_ACTION ITEM:_
Entries below include pictures. Output exactly the lines from the one with "2019 - Folder" down to the one with "上肢康復(fù)設(shè)", both ends included, and leave the pictures out.

_MATERIAL SUPPLIED:_
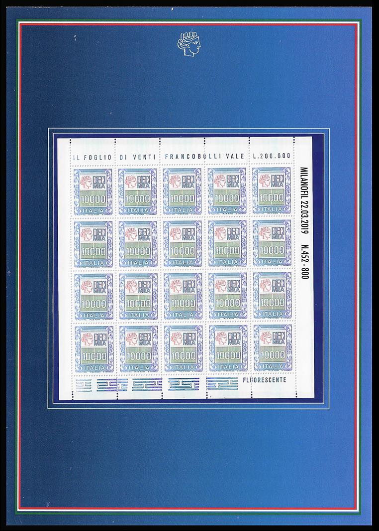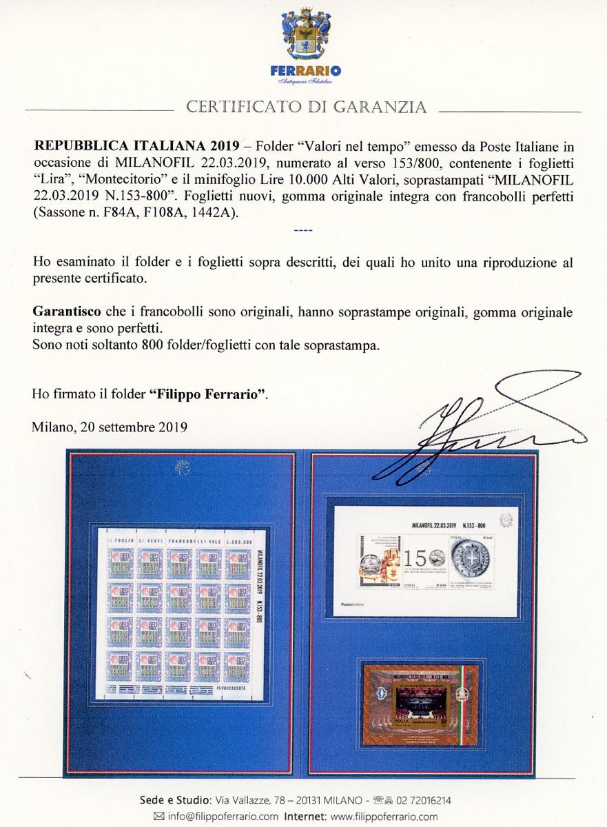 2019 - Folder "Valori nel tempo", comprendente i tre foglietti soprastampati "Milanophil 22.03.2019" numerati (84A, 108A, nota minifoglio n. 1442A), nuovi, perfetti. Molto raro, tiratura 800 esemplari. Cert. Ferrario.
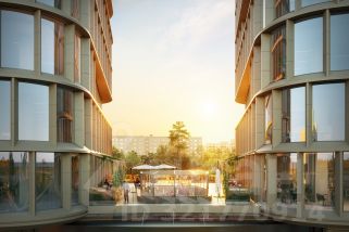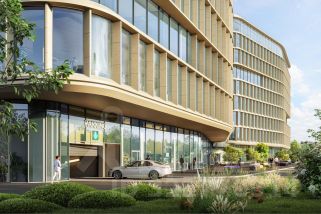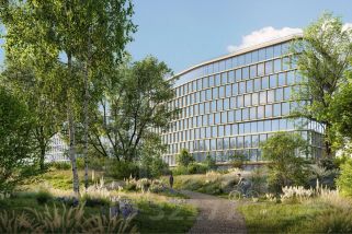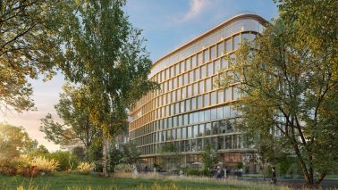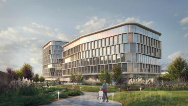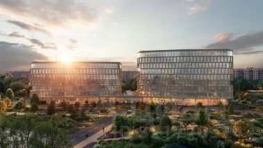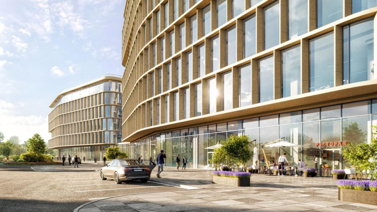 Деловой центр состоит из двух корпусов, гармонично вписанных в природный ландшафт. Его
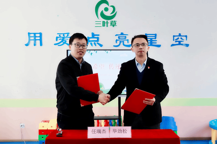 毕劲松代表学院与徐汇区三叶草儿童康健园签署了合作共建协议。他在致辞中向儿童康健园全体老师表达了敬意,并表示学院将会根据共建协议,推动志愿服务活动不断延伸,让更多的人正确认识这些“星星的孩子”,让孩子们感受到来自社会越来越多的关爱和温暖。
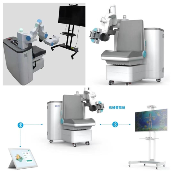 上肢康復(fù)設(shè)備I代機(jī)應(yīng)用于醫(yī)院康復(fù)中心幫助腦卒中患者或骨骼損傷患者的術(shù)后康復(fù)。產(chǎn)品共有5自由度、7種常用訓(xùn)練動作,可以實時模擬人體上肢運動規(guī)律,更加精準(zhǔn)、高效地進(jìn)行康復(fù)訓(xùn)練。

...

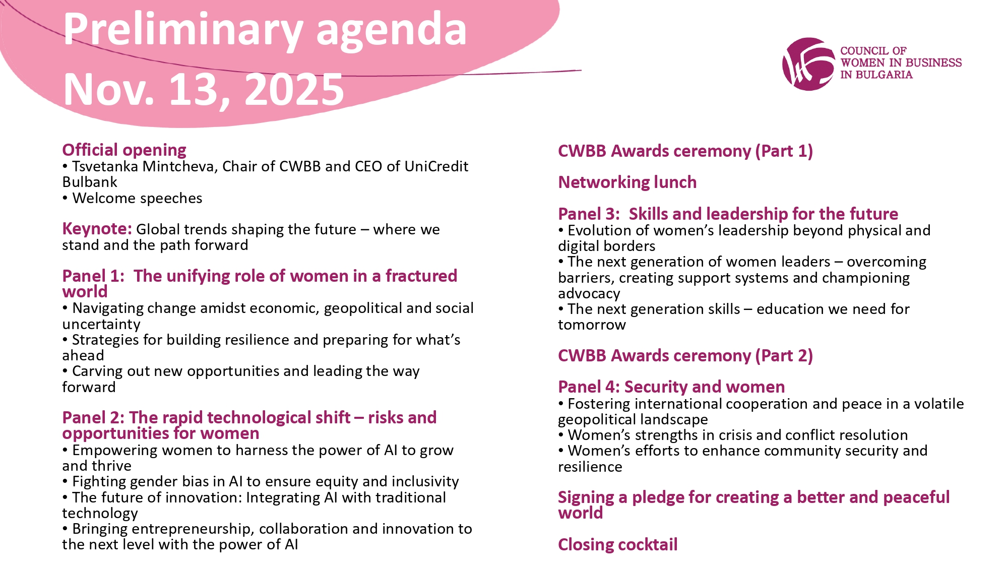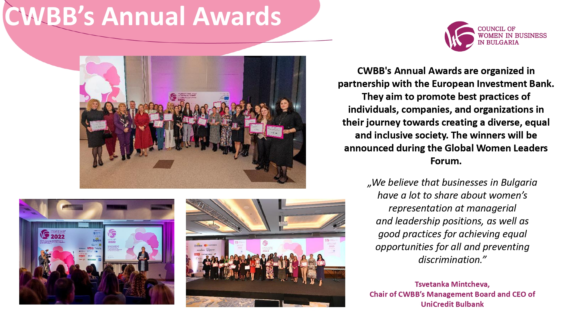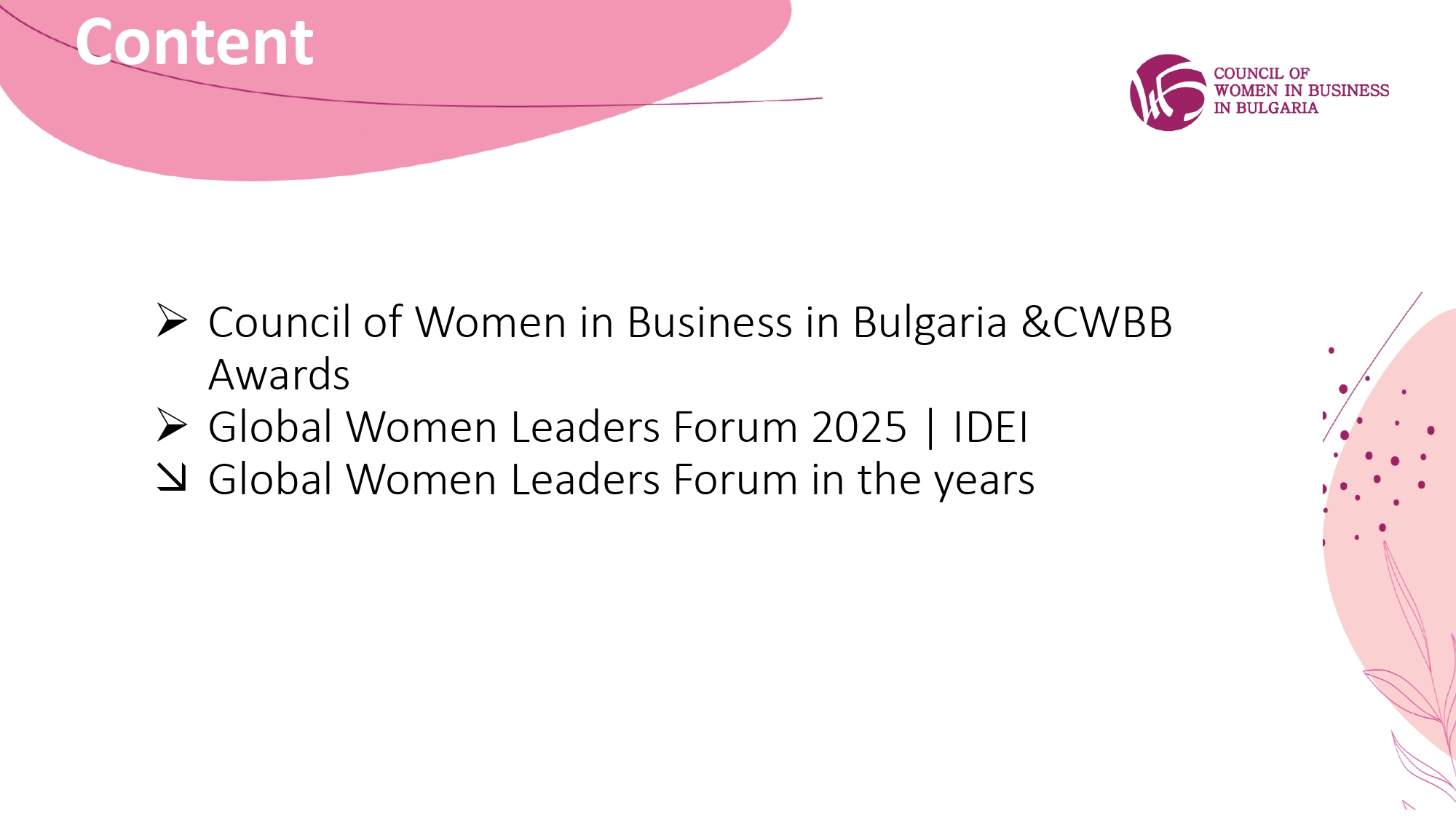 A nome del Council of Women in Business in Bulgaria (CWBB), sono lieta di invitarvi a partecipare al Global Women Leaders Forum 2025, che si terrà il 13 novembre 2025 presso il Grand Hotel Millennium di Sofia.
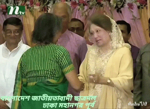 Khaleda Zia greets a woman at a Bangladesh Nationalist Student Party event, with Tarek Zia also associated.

* * *

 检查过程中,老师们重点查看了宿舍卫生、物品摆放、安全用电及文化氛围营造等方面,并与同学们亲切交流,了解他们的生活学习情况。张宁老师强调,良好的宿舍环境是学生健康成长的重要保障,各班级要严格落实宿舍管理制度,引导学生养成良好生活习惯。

_RESPONSE TO THIS TASK:_
 2019 - Folder "Valori nel tempo", comprendente i tre foglietti soprastampati "Milanophil 22.03.2019" numerati (84A, 108A, nota minifoglio n. 1442A), nuovi, perfetti. Molto raro, tiratura 800 esemplari. Cert. Ferrario.
 Деловой центр состоит из двух корпусов, гармонично вписанных в природный ландшафт. Его
 毕劲松代表学院与徐汇区三叶草儿童康健园签署了合作共建协议。他在致辞中向儿童康健园全体老师表达了敬意,并表示学院将会根据共建协议,推动志愿服务活动不断延伸,让更多的人正确认识这些“星星的孩子”,让孩子们感受到来自社会越来越多的关爱和温暖。
 上肢康復(fù)設(shè)備I代機(jī)應(yīng)用于醫(yī)院康復(fù)中心幫助腦卒中患者或骨骼損傷患者的術(shù)后康復(fù)。產(chǎn)品共有5自由度、7種常用訓(xùn)練動作,可以實時模擬人體上肢運動規(guī)律,更加精準(zhǔn)、高效地進(jìn)行康復(fù)訓(xùn)練。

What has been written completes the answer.